I am working on a utility for a full export (inconsistent, non-transactional) for subsequent data processing elsewhere. I would appreciate your feedback on the approach and any concerns.
(For now, ignore the fact that the client runs from only one client node and not scalable)
The first thing to get over was to batch taking care of the 5s limit. Based on your feedback in other threads, I have the following code that is the crux of the loop to fetch a given range of keys
Couple of questions on this
I know there is a newer split-key-ranges-by-size API coming up in 7.0 . But for now, is the approach of ‘creating a new txn after a failure’ the best approach?

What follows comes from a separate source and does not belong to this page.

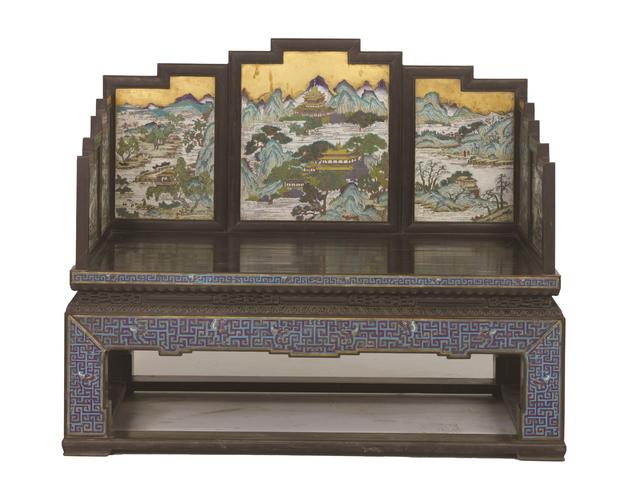 紫檀木嵌珐琅宝座(清)。

I feel a bit uneasy about the byte slice returned by .Get() - how long is that slice valid? Should I clone it before assigning it to a variable (see line 178) which is referenced in the next loop?
Future plans
Ideal setup, if it is possible, would be to make sure I can narrow down each key-range to a particular host and make the read local (by having an agent run local to that node), filter some data locally, and then return data to caller. The challenge of course would be test if filtering would add any value and how to make it generic to be useful in an open-source project. But I am working on it. Let me know if you have any thoughts on it. Lot of this is based on hunches, only tests will show if there is any value in doing this.
Any feed back is appreciated. The wip code is open-source, although it is just a prototype now
I appreciate if anyone who knows the Go binding has any input on this.
I see that this code is creating a new slice of KeyValue structs, but since the .Value is being recast with unsafe, I am not quite sure what is going on
I am not a Go expert, but looking at this, it appears that stringRefToSlice is using C.GoBytes to copy the data from the C buffer into a Go buffer. My understanding, then, is that the memory lifetime is not tied to any underlying native object.